Video files (generally) do not have the option to embed a reference color profile, so you have to make do with the permitted range of color values and the conversion curves in the encoder. H264 uses a Y'CbCr pixel format, not RGB, so there must always be a conversion when encoding the image, then another conversion when the playback application sends data to an RGB display screen. Unless you happen by chance to use only very limited colors in your footage, going from a full-range 32bpc composition to a lower-range 8pbc video format will always result in some luma and chroma shifts. I suspect that some of the colors in your animation are simply illegal - beyond the range allowed by the codec.

You could try using the rec2020 (HDTV) color space as your base reference to get a better handle on how things look, but ultimately if there's an illegal color in your comp, it isn't going to export without changing something - the color or the video format.

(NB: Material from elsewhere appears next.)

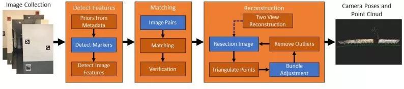 1.一种SfM算法,使用基准标记(当可用时)和兴趣点特征来改进结果;

Roei also makes an important point; although they shouldn't, it's not uncommon for video player applications to "adjust" the picture slightly. Even Adobe applications cannot guarantee the on-screen preview is correct. Then you have 99.99% of your audience watching on displays that are completely out of whack, they think the world looks better with an IG filter.

When clients insist on having a video that exactly matches their Pantone swatch book, I simply point them to the price list for a professional SDI card and calibrated reference monitor (anything around $10,000 for full-HD) then let them multiply that by the number of people who will watch it. All of a sudden "that's close enough" sounds like a good idea.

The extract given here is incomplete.